**Your task:** Would you transcribe word for word every line from the one containing "الشيخ صلاح البدير يتوسط العريس ووالدة وشقيقة" to the end of the data, both ends included, and leave out the rest?

═══

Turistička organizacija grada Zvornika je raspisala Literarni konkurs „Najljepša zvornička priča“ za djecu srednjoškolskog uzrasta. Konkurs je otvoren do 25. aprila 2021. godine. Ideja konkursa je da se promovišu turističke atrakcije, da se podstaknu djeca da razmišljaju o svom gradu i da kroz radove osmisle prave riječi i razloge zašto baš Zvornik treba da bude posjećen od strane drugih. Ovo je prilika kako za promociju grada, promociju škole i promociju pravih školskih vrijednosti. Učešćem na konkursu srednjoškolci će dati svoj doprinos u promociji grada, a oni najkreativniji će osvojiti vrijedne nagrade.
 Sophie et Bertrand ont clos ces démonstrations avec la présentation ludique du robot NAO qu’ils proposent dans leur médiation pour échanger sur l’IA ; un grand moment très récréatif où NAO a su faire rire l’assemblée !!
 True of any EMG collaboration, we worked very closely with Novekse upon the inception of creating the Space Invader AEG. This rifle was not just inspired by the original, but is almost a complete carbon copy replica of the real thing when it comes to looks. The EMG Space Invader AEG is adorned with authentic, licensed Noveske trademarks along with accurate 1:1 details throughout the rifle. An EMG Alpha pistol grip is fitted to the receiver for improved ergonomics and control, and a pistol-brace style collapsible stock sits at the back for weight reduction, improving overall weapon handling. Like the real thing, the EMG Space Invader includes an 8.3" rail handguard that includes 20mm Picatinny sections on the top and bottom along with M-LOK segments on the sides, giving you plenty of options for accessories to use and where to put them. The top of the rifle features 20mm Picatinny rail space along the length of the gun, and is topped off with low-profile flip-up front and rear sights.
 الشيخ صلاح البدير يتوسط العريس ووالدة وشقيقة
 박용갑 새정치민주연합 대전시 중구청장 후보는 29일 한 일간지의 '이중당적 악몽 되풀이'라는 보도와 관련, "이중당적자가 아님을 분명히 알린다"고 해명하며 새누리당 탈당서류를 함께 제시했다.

═══

**Solution:**
 الشيخ صلاح البدير يتوسط العريس ووالدة وشقيقة
 박용갑 새정치민주연합 대전시 중구청장 후보는 29일 한 일간지의 '이중당적 악몽 되풀이'라는 보도와 관련, "이중당적자가 아님을 분명히 알린다"고 해명하며 새누리당 탈당서류를 함께 제시했다.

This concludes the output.